--- Prompt ---
Exactly the lines from the one containing "Ambasadorja amerikane në" through the one containing "舞鶴-小樽の日本海側を通る「" in the listing below are to be copied, with the pictures left out.

--- Data in this exercise ---
◆ ◆ ◆ ◆ ◆

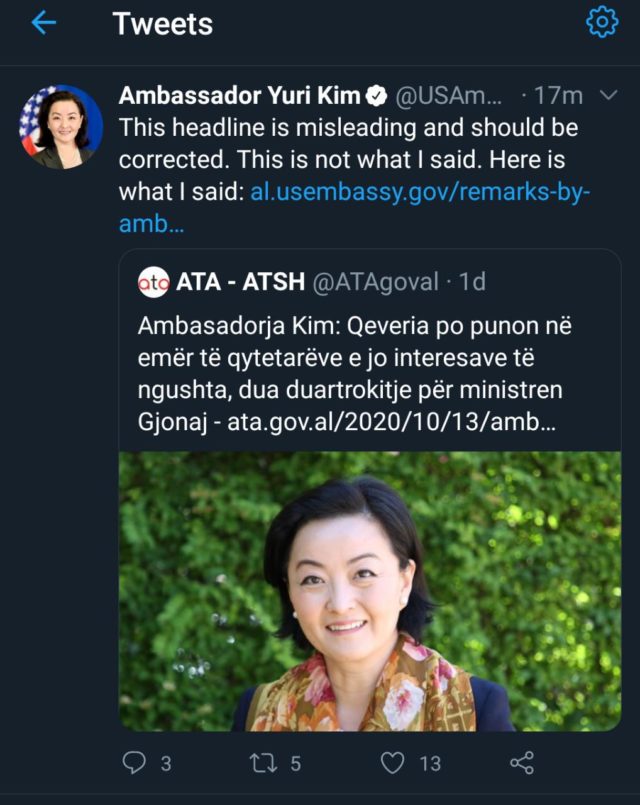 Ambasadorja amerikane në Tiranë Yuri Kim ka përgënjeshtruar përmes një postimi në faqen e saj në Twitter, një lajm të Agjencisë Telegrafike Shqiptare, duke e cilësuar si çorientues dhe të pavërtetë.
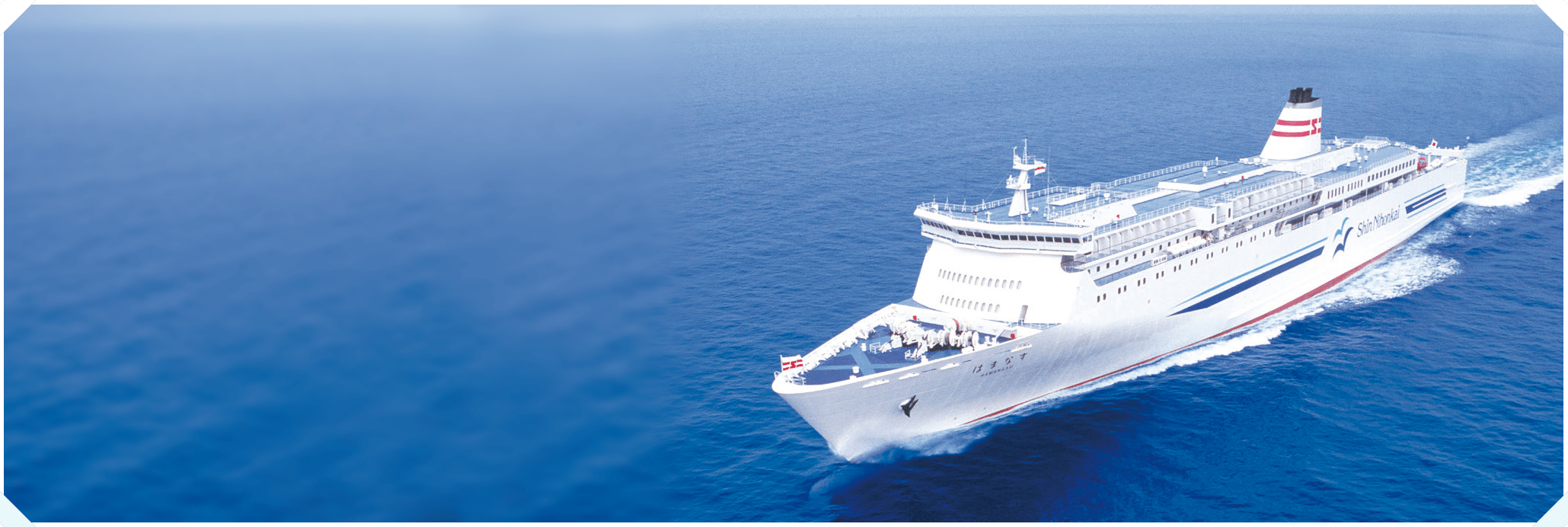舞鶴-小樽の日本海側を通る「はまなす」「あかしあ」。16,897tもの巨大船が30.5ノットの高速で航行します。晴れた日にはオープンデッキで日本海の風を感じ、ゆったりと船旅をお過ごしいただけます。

◆ ◆ ◆ ◆ ◆

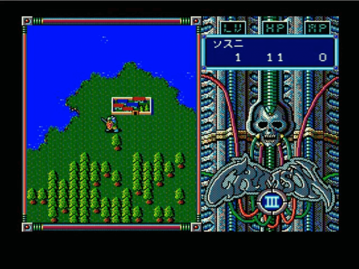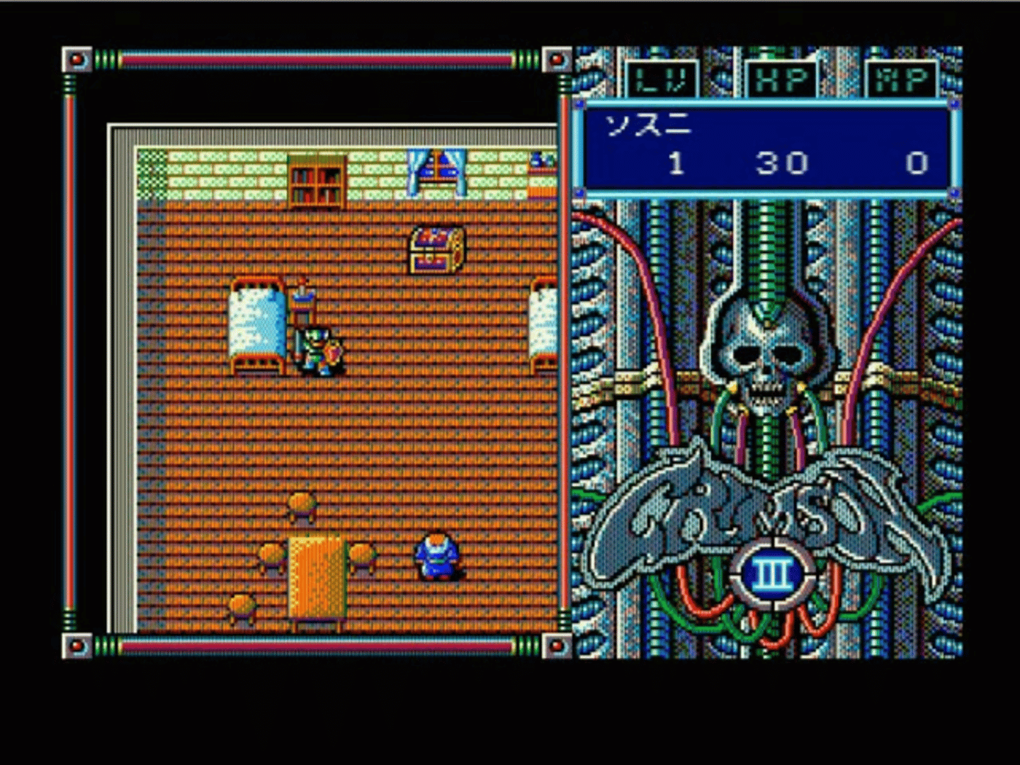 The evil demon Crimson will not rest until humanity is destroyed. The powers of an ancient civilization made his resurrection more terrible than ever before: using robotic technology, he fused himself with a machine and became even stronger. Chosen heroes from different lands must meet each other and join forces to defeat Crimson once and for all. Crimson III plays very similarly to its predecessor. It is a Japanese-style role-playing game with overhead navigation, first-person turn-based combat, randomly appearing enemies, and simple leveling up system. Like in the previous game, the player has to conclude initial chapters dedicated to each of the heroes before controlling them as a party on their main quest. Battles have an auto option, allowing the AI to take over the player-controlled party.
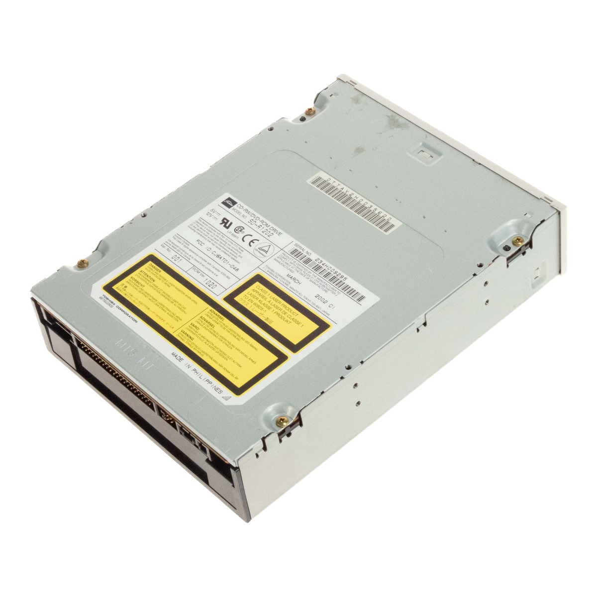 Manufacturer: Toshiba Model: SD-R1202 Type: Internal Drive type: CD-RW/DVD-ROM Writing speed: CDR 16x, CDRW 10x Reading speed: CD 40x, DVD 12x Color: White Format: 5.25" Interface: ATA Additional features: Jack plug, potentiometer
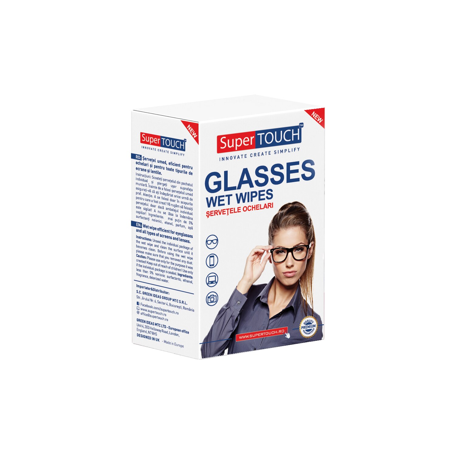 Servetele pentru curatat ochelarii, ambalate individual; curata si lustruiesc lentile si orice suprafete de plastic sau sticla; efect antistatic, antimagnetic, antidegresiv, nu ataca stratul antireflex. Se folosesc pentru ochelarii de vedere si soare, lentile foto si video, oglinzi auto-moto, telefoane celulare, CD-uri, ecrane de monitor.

◆ ◆ ◆ ◆ ◆

--- Response for this exercise ---
 Ambasadorja amerikane në Tiranë Yuri Kim ka përgënjeshtruar përmes një postimi në faqen e saj në Twitter, një lajm të Agjencisë Telegrafike Shqiptare, duke e cilësuar si çorientues dhe të pavërtetë.
舞鶴-小樽の日本海側を通る「はまなす」「あかしあ」。16,897tもの巨大船が30.5ノットの高速で航行します。晴れた日にはオープンデッキで日本海の風を感じ、ゆったりと船旅をお過ごしいただけます。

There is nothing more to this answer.